# Extracted entries
========

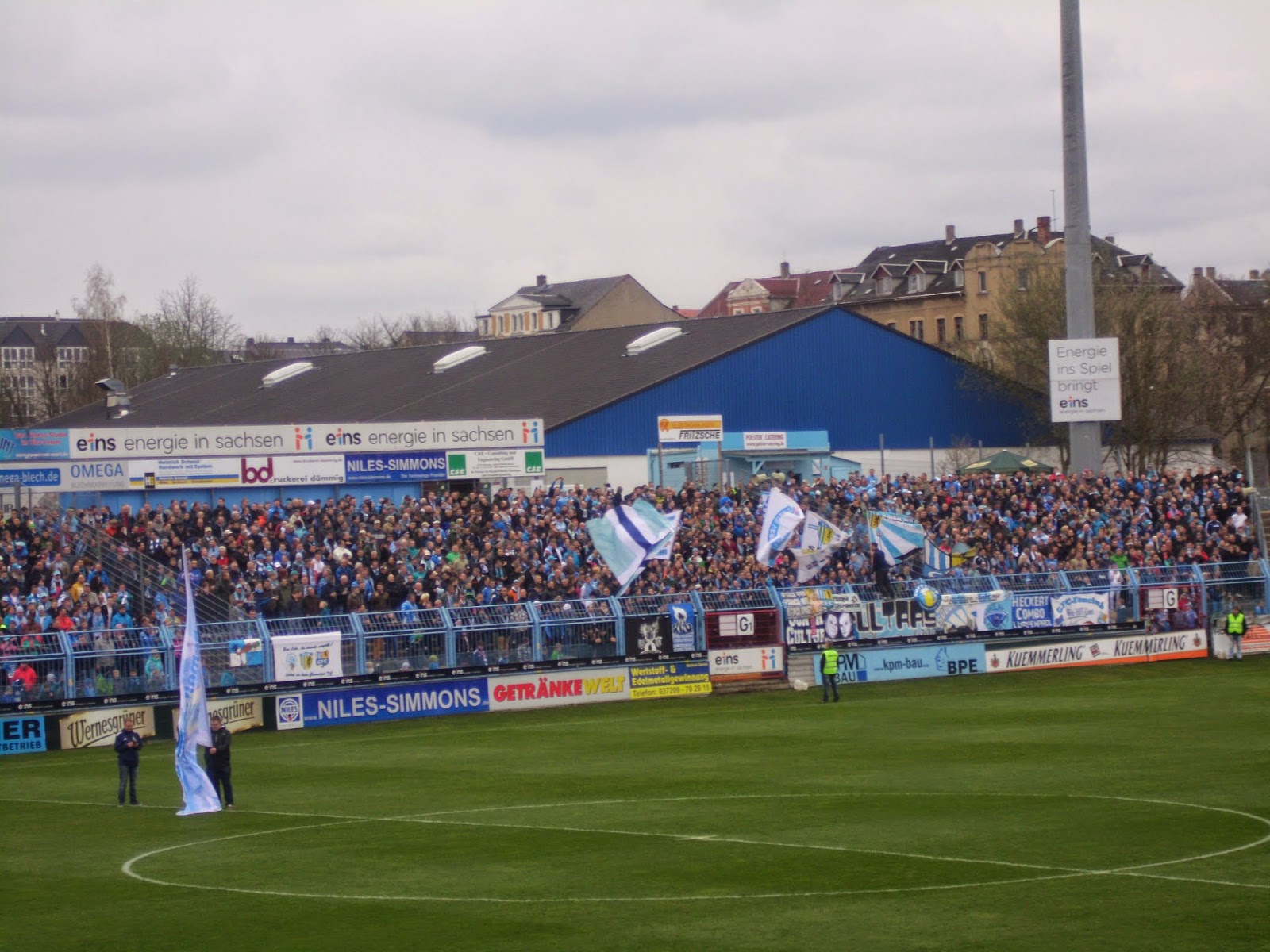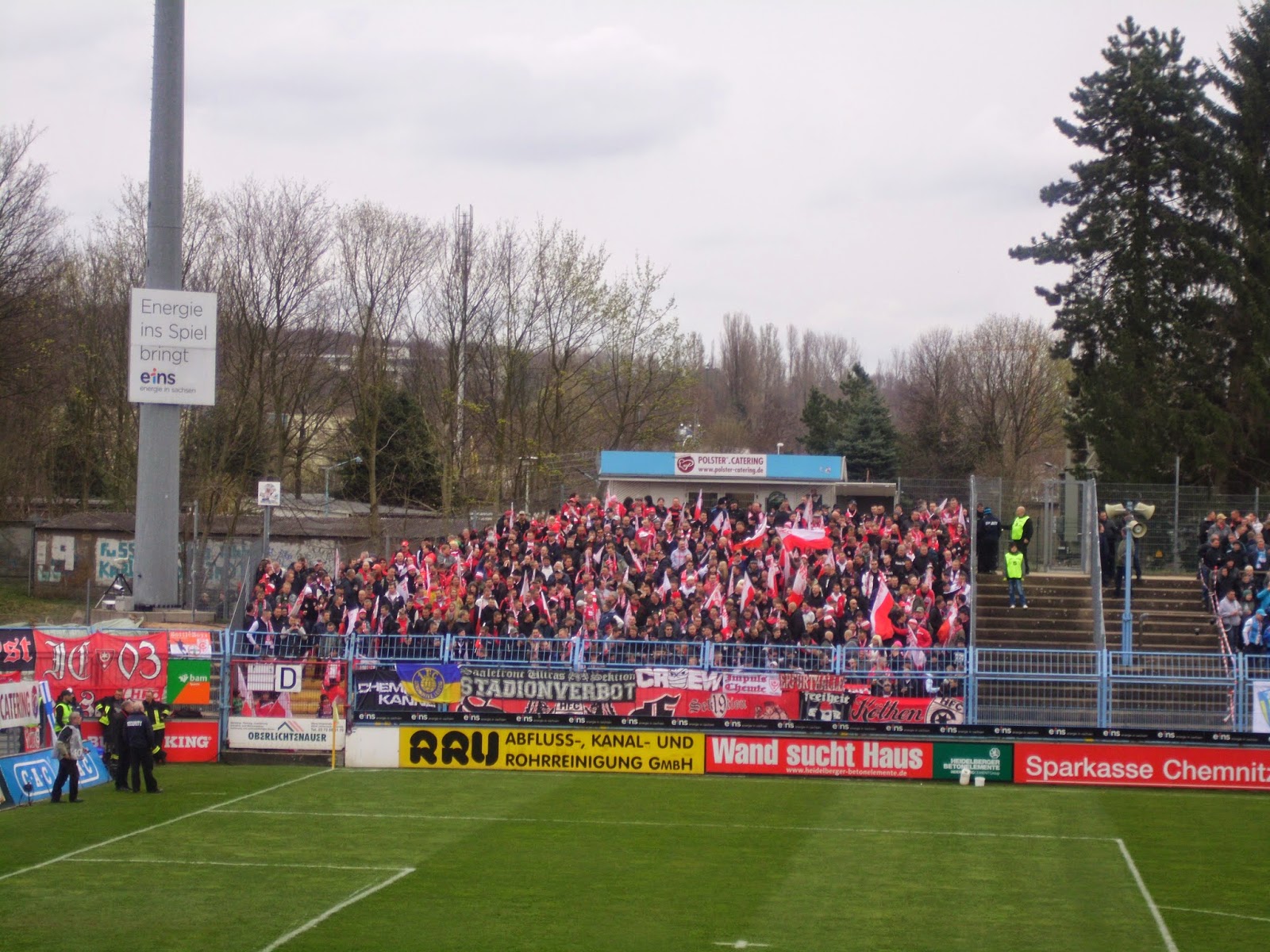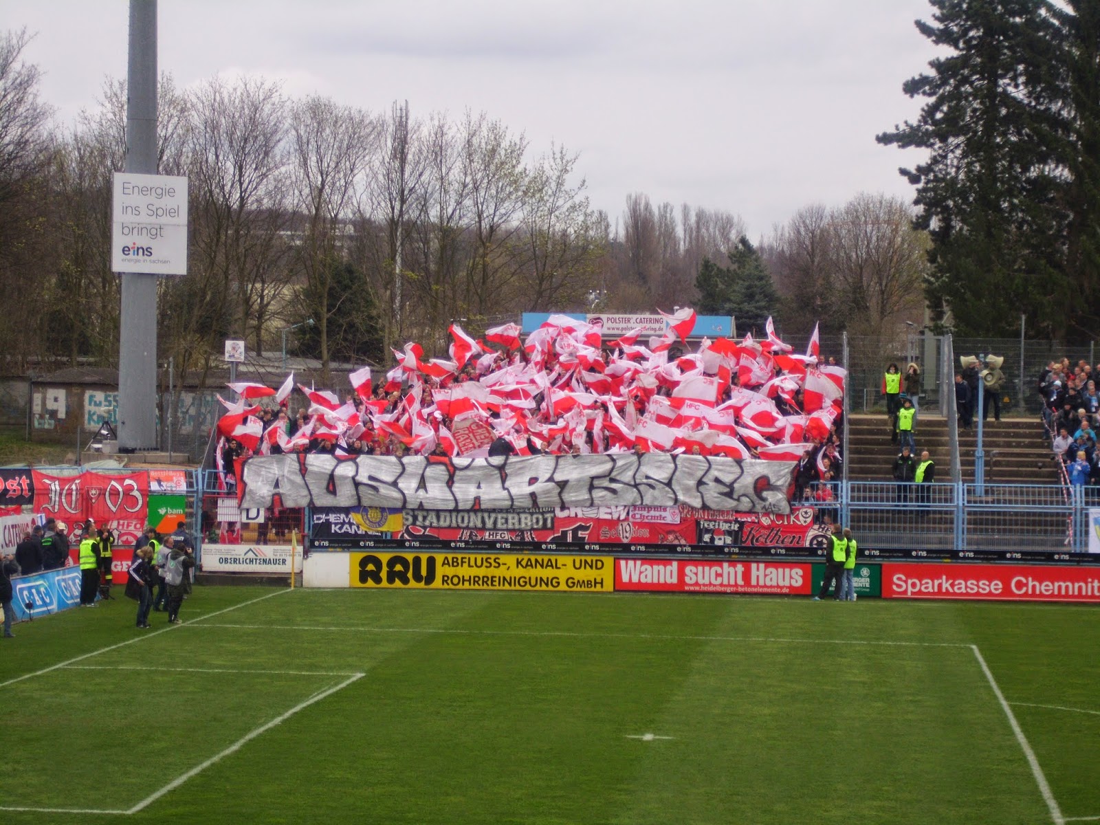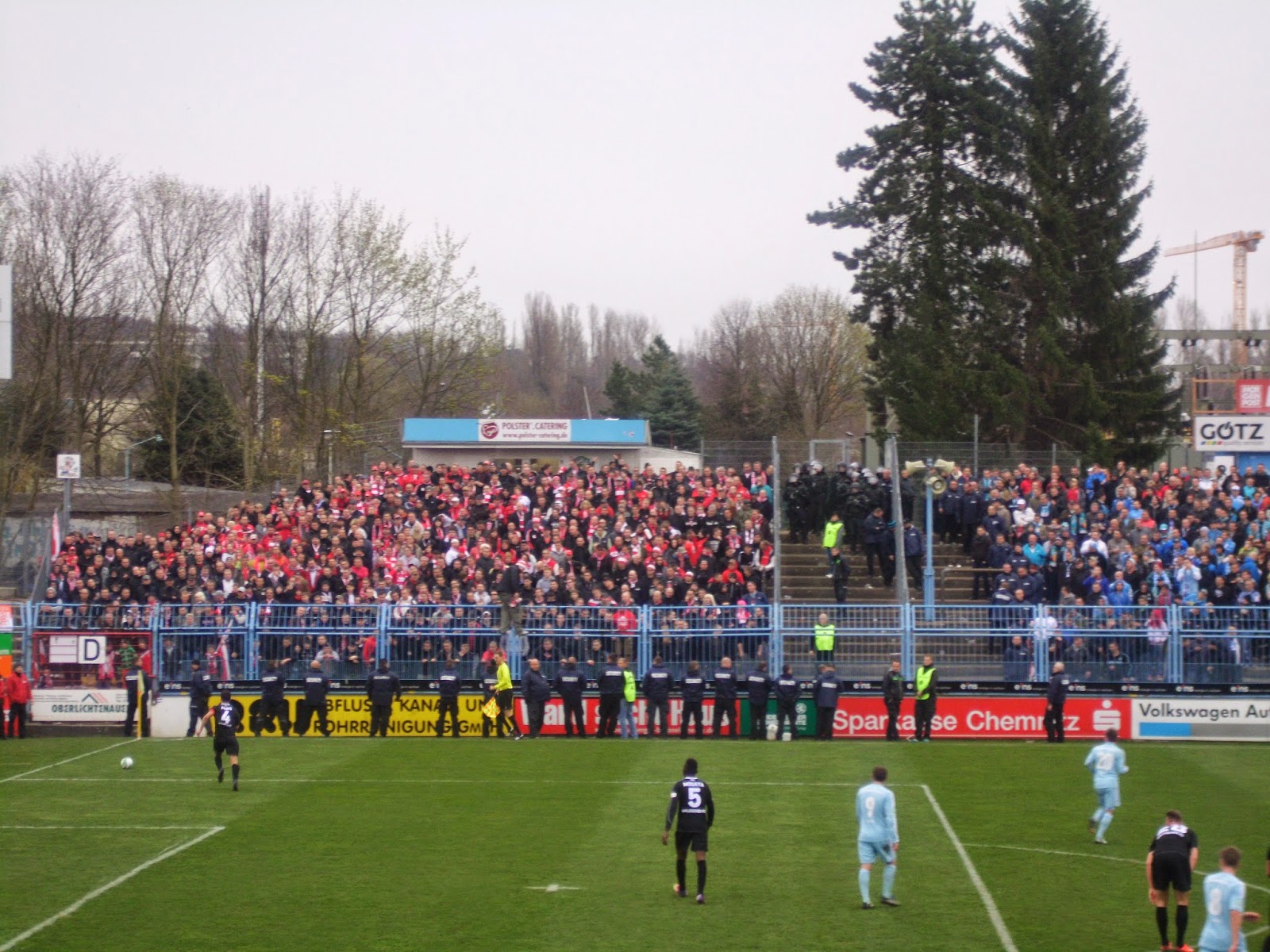 Die Spielkultur ist hier nicht unbedingt auf höchstem Niveau, der Hass dafür umso mehr. Zu Beginn der zweiten Halbzeit fliegen Rauchbomben aus dem Gästesektor in die Fanzone der Himmelblauen, der versuchte Sektorsturm gelingt aber nicht. Nach Spielende „revanchieren“ sich dafür die Chemnitzfans und versuchen über den Rasen zu den Gästefans zu gelangen, auch sie werden aber rasch von der Polizei zurückgedrängt. Bereits kurz nach dem 1:0 für die Gastgeber sieht es nach dem für dieses Wochenende so typischen 1:1 aus, der Treffer wird aber aberkannt. Erst kurz vor Ende der, durch die Unterbrechungen enorm ausgeweiteten, Nachspielzeit fällt der Ausgleich unter dem lautstarken Jubel der Rot-Weißen – offiziell in der 99. Spielminute (!!).
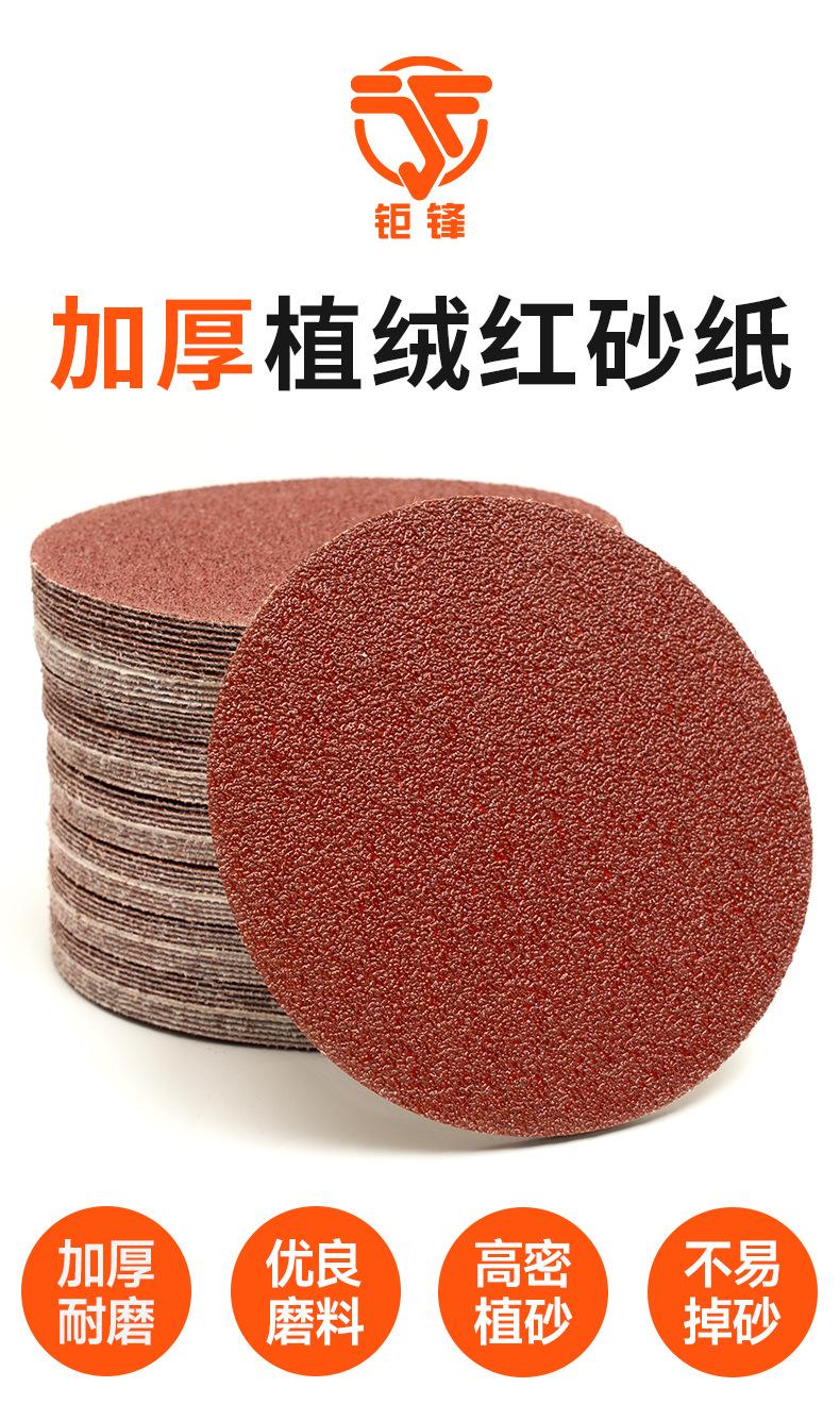 Papel de lija de flocado de arena roja afilada de 4 pulgadas y 5 pulgadas, hoja cepillada de terciopelo posterior, disco de pulido de papel de lija autoadhesivo, papel de lija al por mayor
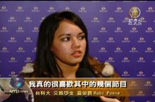 2011-03-21 22:09:28美國神韻國際藝術團18日晚間在基隆市文化中心的首場演出,受到觀眾們的熱烈迴響,在演出過程中,觀眾們有時隨著節目的歡快節奏鼓掌連連,也為其中饒富寓意的節目而感動。演出結束時,觀眾們的熱烈掌聲讓神韻藝術團的藝術家們謝幕兩次。一群來自中美洲的交換學生們,分享了她們觀賞神韻晚會的感受。
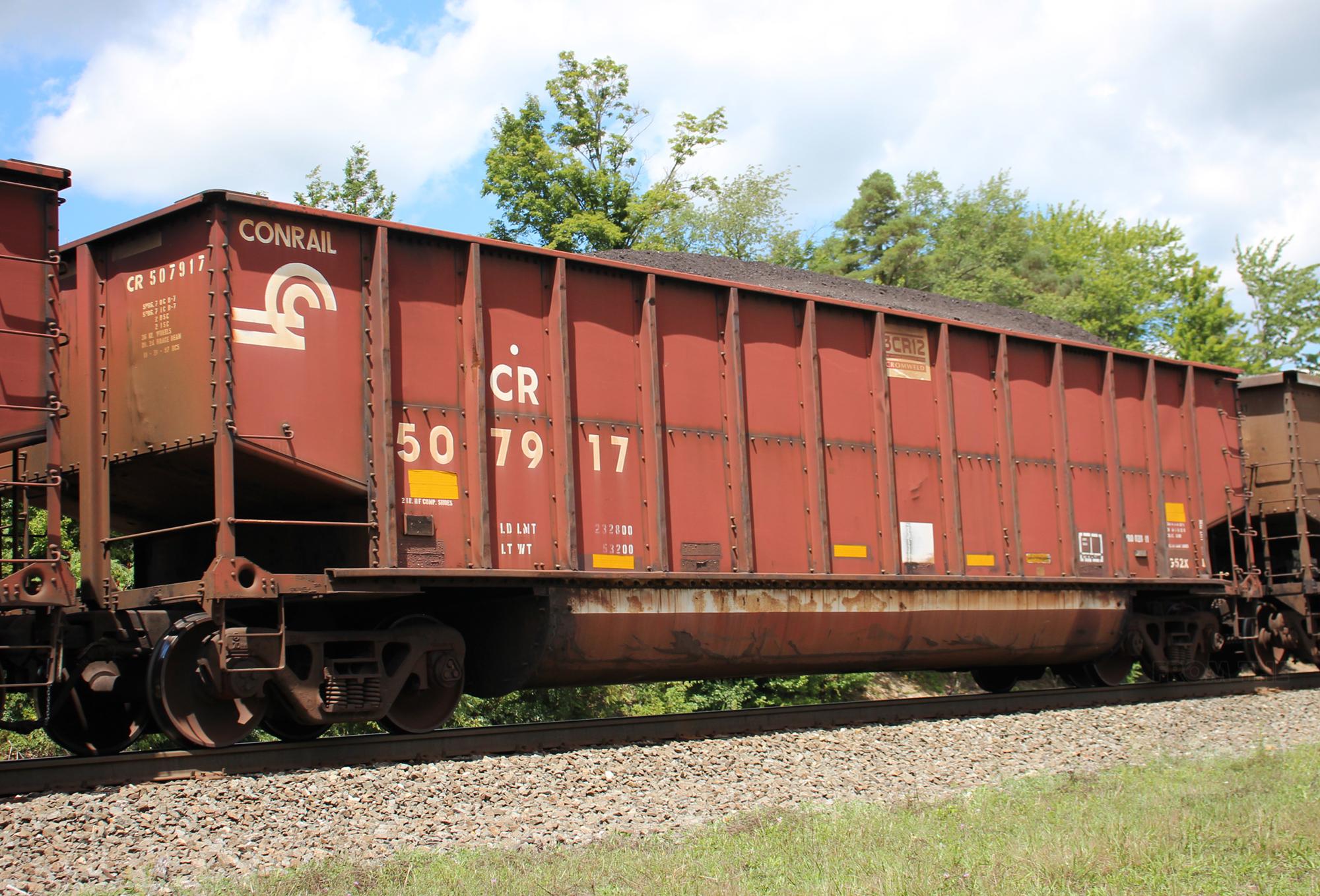 CR 507917 is seen in the consist of NS 596 at Cresson, PA on 8/10/24. Car was built 11-97 (painted 11-21-97) by HCS.
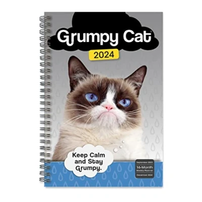 This weekly planner is filled with quintessential Grumpy Cat portraits and memes and will have you laughing out loud for the entire year Convenient 6" x 9" size for desktop or travel September 2023 - December 2024 planner, featuring 16-months of weekly and monthly pages for easy planning, scheduling, at-a-glance calendar reference pages, a notes section for important reminders, projects and long-term planning Printed on high quality paper, premium quality durable cover with spiral wire-o binding allows the calendar to open flat. Front and back jacket flaps with storage pockets good for storing slips of paper and ensure durability. Back cover houses perforated page marker.Includes 16 months of full-week calendar spreads, year-at-a-glance grid views, and reference calendar. Yearly and monthly calendar overview pages help you set goals, stay on track and organized all year long. International products have separate terms, are sold from abroad and may differ from local products, including fit, age ratings, and language of product, labeling or instructions.
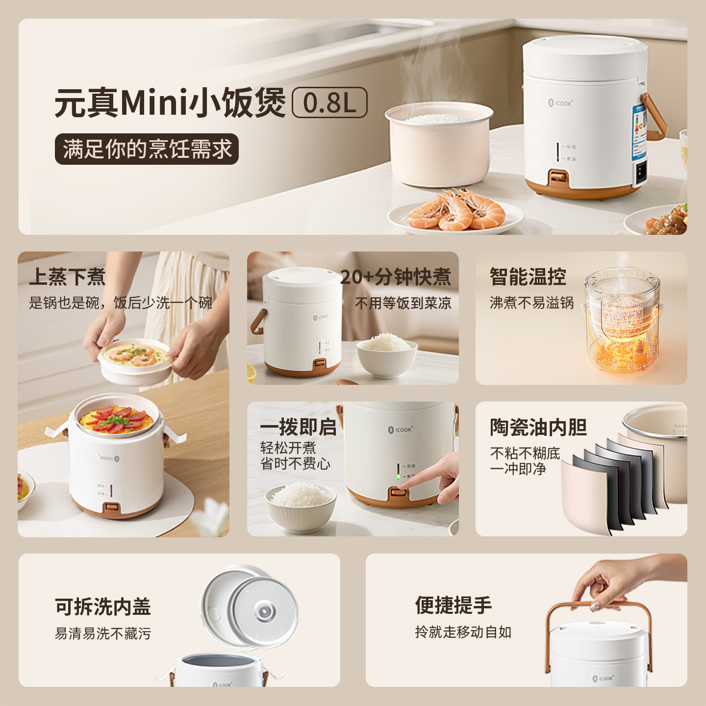 这款0.8L迷你电饭煲专为一人食设计,体积小巧,不占空间,非常适合宿舍、出租屋或办公室使用。精准控温技术确保米饭松软香甜,同时支持煮粥、煲汤、蒸蛋等多种功能,满足日常饮食需求。内胆采用不粘涂层,清洗方便,安全耐用。配备简约操作面板,一键启动,老人小孩也能轻松上手。低功耗设计节能环保,即使小空间也能享受热腾腾的家常美味。无论是学生、上班族还是独居人士,这款单人电饭锅都是理想选择,让一人食也能精致又营养。
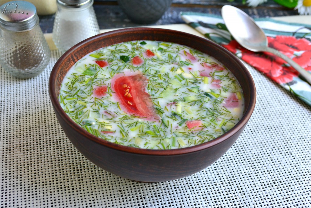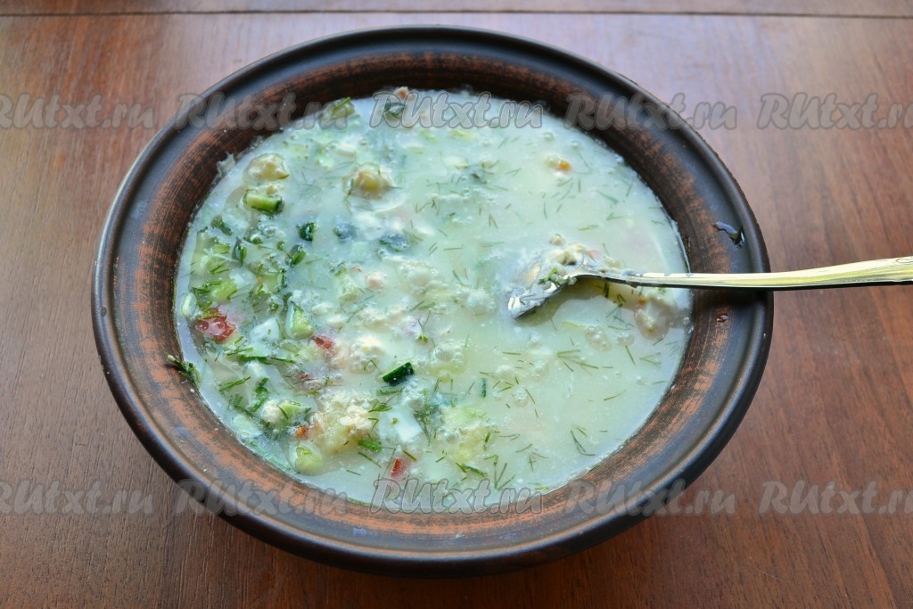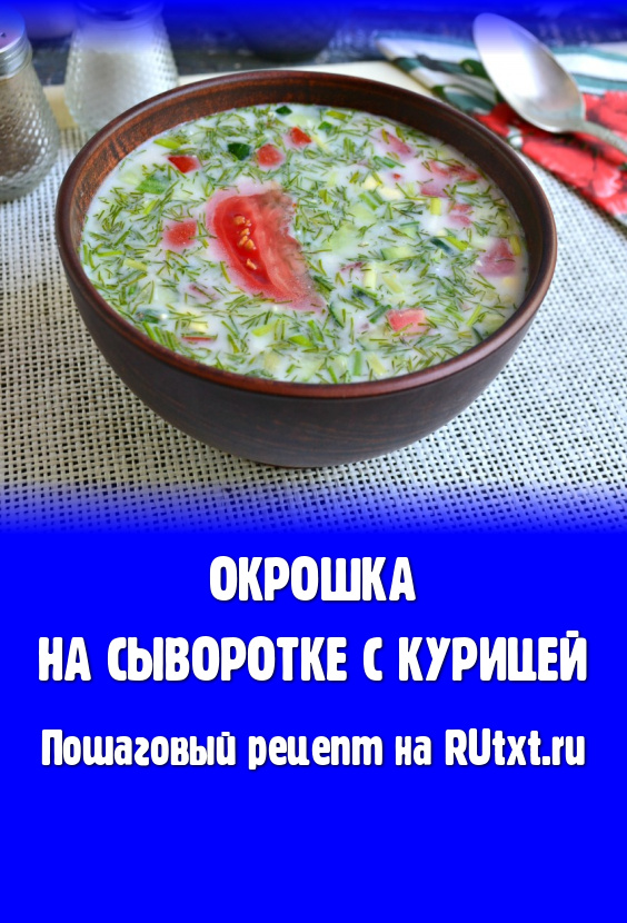 Очень вкусную, сытную окрошку, приготовленную на сыворотке с курицей, охладить и можно подавать к столу.

========

# Directions for this task
Set down the data above word for word, leaving every picture out.

# Solution to the exercise
 Die Spielkultur ist hier nicht unbedingt auf höchstem Niveau, der Hass dafür umso mehr. Zu Beginn der zweiten Halbzeit fliegen Rauchbomben aus dem Gästesektor in die Fanzone der Himmelblauen, der versuchte Sektorsturm gelingt aber nicht. Nach Spielende „revanchieren“ sich dafür die Chemnitzfans und versuchen über den Rasen zu den Gästefans zu gelangen, auch sie werden aber rasch von der Polizei zurückgedrängt. Bereits kurz nach dem 1:0 für die Gastgeber sieht es nach dem für dieses Wochenende so typischen 1:1 aus, der Treffer wird aber aberkannt. Erst kurz vor Ende der, durch die Unterbrechungen enorm ausgeweiteten, Nachspielzeit fällt der Ausgleich unter dem lautstarken Jubel der Rot-Weißen – offiziell in der 99. Spielminute (!!).
 Papel de lija de flocado de arena roja afilada de 4 pulgadas y 5 pulgadas, hoja cepillada de terciopelo posterior, disco de pulido de papel de lija autoadhesivo, papel de lija al por mayor
 2011-03-21 22:09:28美國神韻國際藝術團18日晚間在基隆市文化中心的首場演出,受到觀眾們的熱烈迴響,在演出過程中,觀眾們有時隨著節目的歡快節奏鼓掌連連,也為其中饒富寓意的節目而感動。演出結束時,觀眾們的熱烈掌聲讓神韻藝術團的藝術家們謝幕兩次。一群來自中美洲的交換學生們,分享了她們觀賞神韻晚會的感受。
 CR 507917 is seen in the consist of NS 596 at Cresson, PA on 8/10/24. Car was built 11-97 (painted 11-21-97) by HCS.
 This weekly planner is filled with quintessential Grumpy Cat portraits and memes and will have you laughing out loud for the entire year Convenient 6" x 9" size for desktop or travel September 2023 - December 2024 planner, featuring 16-months of weekly and monthly pages for easy planning, scheduling, at-a-glance calendar reference pages, a notes section for important reminders, projects and long-term planning Printed on high quality paper, premium quality durable cover with spiral wire-o binding allows the calendar to open flat. Front and back jacket flaps with storage pockets good for storing slips of paper and ensure durability. Back cover houses perforated page marker.Includes 16 months of full-week calendar spreads, year-at-a-glance grid views, and reference calendar. Yearly and monthly calendar overview pages help you set goals, stay on track and organized all year long. International products have separate terms, are sold from abroad and may differ from local products, including fit, age ratings, and language of product, labeling or instructions.
 这款0.8L迷你电饭煲专为一人食设计,体积小巧,不占空间,非常适合宿舍、出租屋或办公室使用。精准控温技术确保米饭松软香甜,同时支持煮粥、煲汤、蒸蛋等多种功能,满足日常饮食需求。内胆采用不粘涂层,清洗方便,安全耐用。配备简约操作面板,一键启动,老人小孩也能轻松上手。低功耗设计节能环保,即使小空间也能享受热腾腾的家常美味。无论是学生、上班族还是独居人士,这款单人电饭锅都是理想选择,让一人食也能精致又营养。
 Очень вкусную, сытную окрошку, приготовленную на сыворотке с курицей, охладить и можно подавать к столу.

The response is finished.